Job scratch area
ARC allows to configure different approaches to manage the job scratch area during the job life cycle. In most cases this is achieved by generating a wrapper submission script to the batch system that carries on tasks relative to directory creation and data movement.
- The key elements are:
- job session directory
directory on the ARC CE where the job files are located.
- job scratch directory
directory on LRMS-managed worker nodes (WNs) where all I/O during computation is performed.
- <arc-job-id>
- a unique identifier for the job, assigned by ARC.Example:
869c20be3993
- job files
input files, those coming from the client and data-staging framework that are needed for the actual job processing, copied inside a folder named after <arc-job-id>, that will also contain the job stdout and stderr files.
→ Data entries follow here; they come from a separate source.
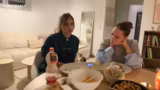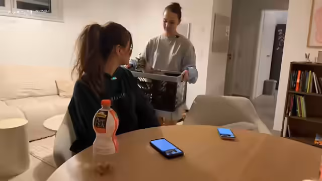 Der Mittelpunkt des Abends war die neu eingerichtete Küche, in der gemeinsam griechische Pitas mit selbstgemachtem Teig gebraten wurden. Parallel dazu wurde frisches Hähnchen zubereitet und ein griechischer Salat geschnitten. Im Hintergrund tauchten während der Arbeiten persönliche Anekdoten und Diskussionen über Ernährung und Haushaltsführung auf.
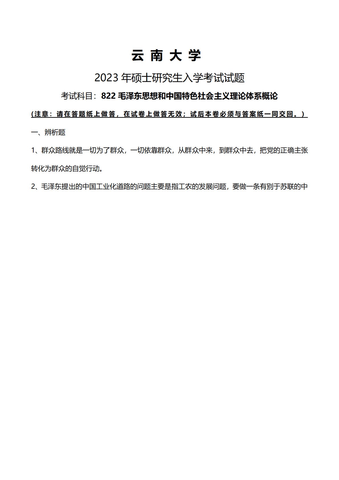 云南大学2023年硕士研究生入学考试试题考试科目:822毛泽东思想和中国特色社会主义理论体系概论(注意:请在答题纸上做答,在试卷上做答无效;试后本卷必须与答案纸一同交回。)一、辨析题1、群众路线就是一切为了群众,一切依靠群众,从群众中来,到群众中去,把党的正确主张转化为群众的自觉行动。2、毛泽东提出的中国工业化道路的问题主要是指工农的发展问题,要做一条有别于苏联的中云南大学2023年硕士研究生入学考试试题考试科目:822毛泽东思想和中国特色社会主义理论体系概论(注意:请在答题纸上做答,在试卷上做答无效;试后本卷必须与答案纸一同交回。)一、辨析题1、群众路线就是一切为了群众,一切依靠群众,从群众...
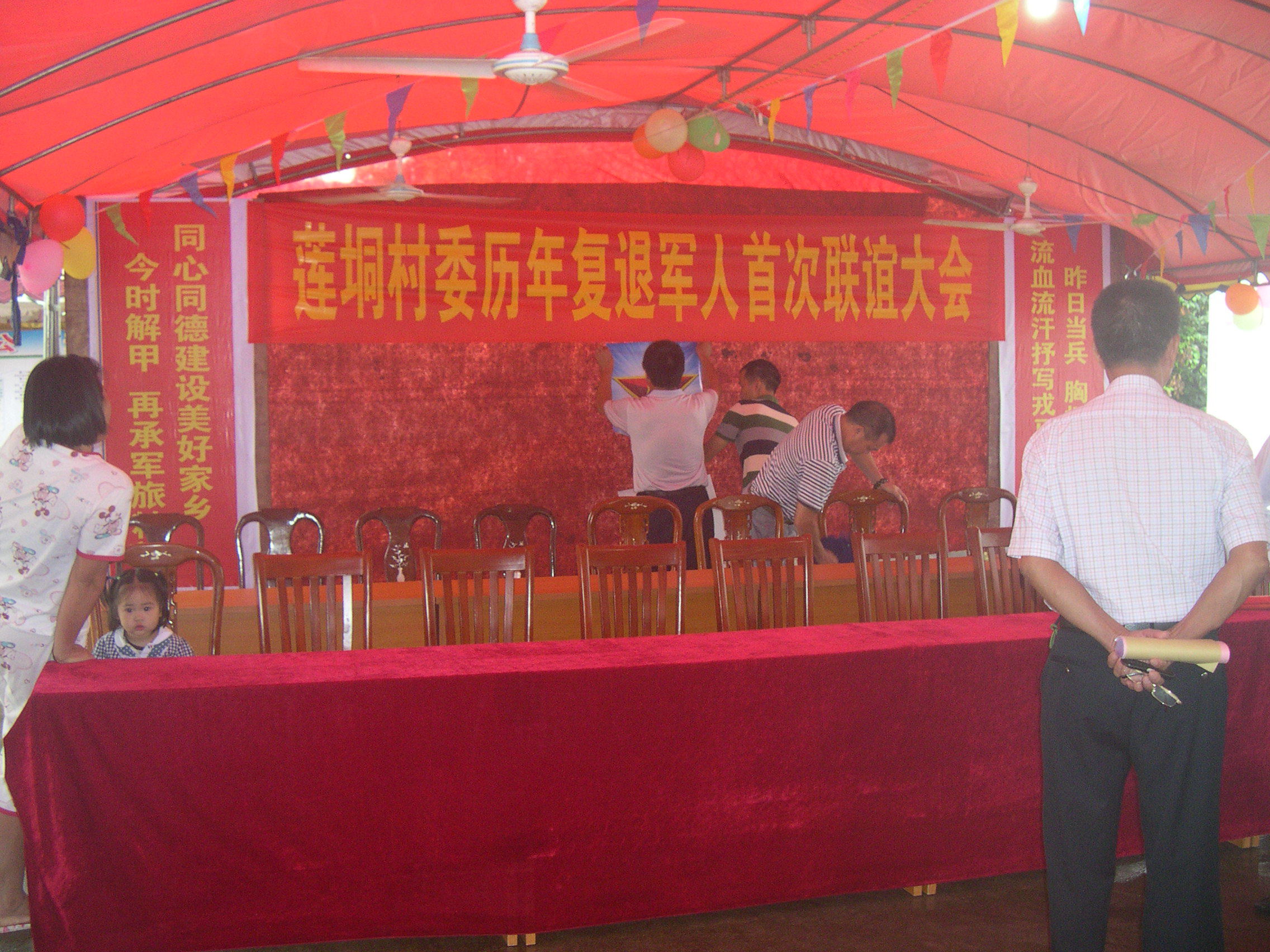 村委会干部在布置会场
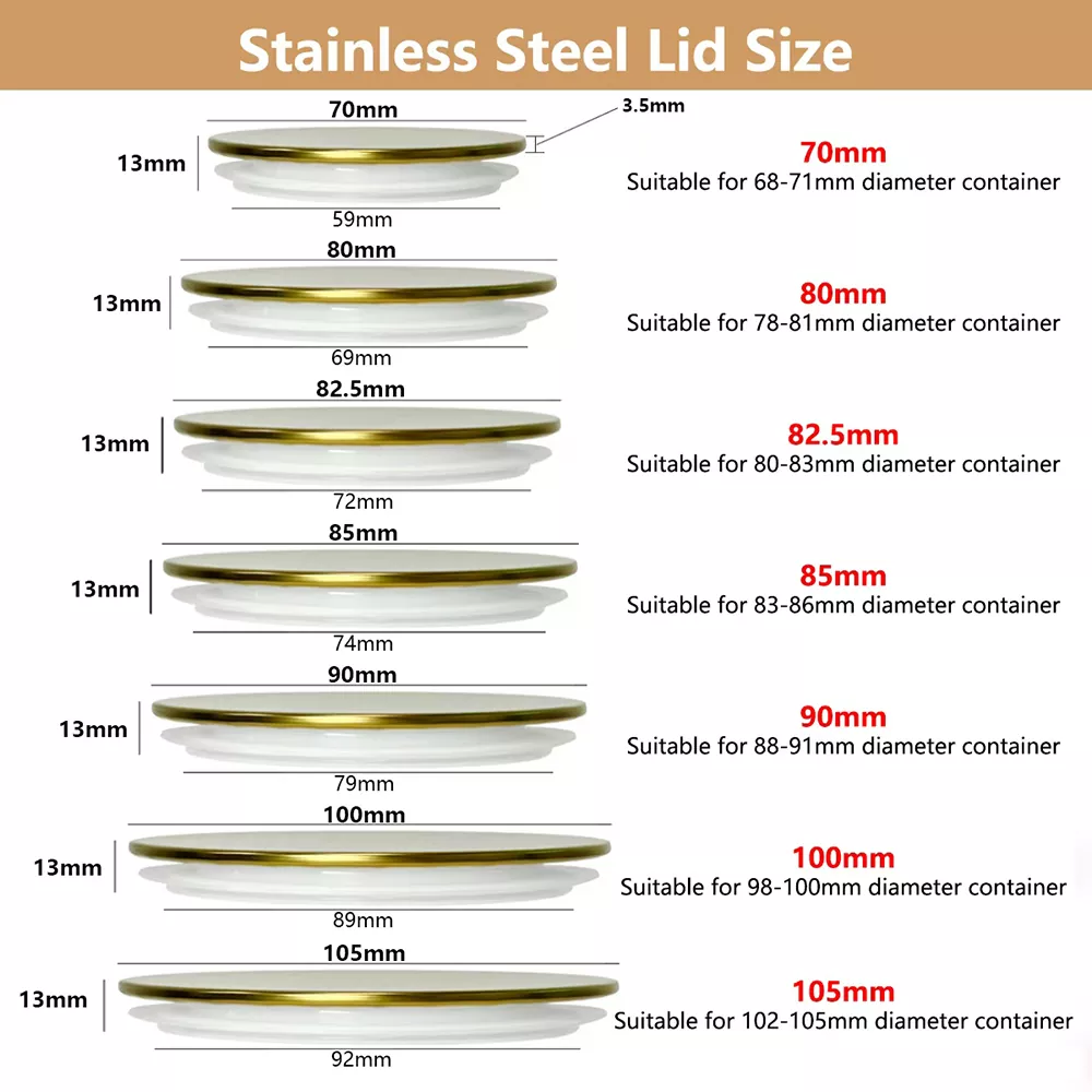 Lids jar stainless steel layar percetakan lilin kasedhiya ing macem-macem ukuran, kabeh kanthi dhuwur saka 13mm. Ukuran tartamtu lan bukaan wadhah sing kompatibel ditampilake ing ngisor iki:
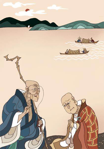 读到这个故事,我眼前仿佛浮现出那个面画:江水裹挟着细碎的阳光缓缓东流,沙滩上凌乱地印着船橹的拖痕,几只被压扁的螃蟹嵌在沙土中,虾和螺的残壳还闪着湿润的光。知云和尚的袈裟被江风掀起一角,他的问题像石子投入深潭。船夫与乘客谁该承担这杀生的罪业?知云和尚也许在期待一个关于业力与责任的精妙辨析。但石头禅师斩钉截铁的回答,打碎了所有预设的答案。

some metadata files used by ARC, mainly <arc-job-id>.comment and <arc-job-id>.diag
Job session directory is configured with sessiondir configuration option. It is possible to configure several session directory root paths. A-REX will then select one of the available directories and append the <arc-job-id> to the path.
Example:
/nfs/sessiondir5/
├── 869c20be3993
│ ├── script.sh
│ ├── outfile
│ ├── stderr
│ └── stdout
├── 869c20be3993.comment
├── 869c20be3993.diag
- There are several configuration options that affect the selection of job scratch directory:
- shared_filesystem
defines if the job session directory is shared between ARC CE and WNs (by means of e.g. NFS). Sets the environment variable
RUNTIME_NODE_SEES_FRONTEND
.- scratchdir
defines the path to job scratch directory on the WN. Sets the environment variable
RUNTIME_LOCAL_SCRATCH_DIR
.- movetool
defines what tool the job wrapper will use to move data from the session directory to the local WNs scratch directory. Sets the environment variable
RUNTIME_LOCAL_SCRATCH_MOVE_TOOL
.- shared_scratch
- defines that the WNs scratch directory can be accessible from ARC CE (by means of e.g. NFS) using the configured path. Sets the environment variable
RUNTIME_FRONTEND_SEES_NODE
.Currently this legacy option is not used much, as it is uncommon that nodes share a single scratch directory. If you require such functionality please contact the ARC team.
Note
Described environment variables can be redefined by RunTime Environments dynamically. For example ENV/LRMS-SCRATCH can be used to utilize local scratch that created dynamically by LRMS.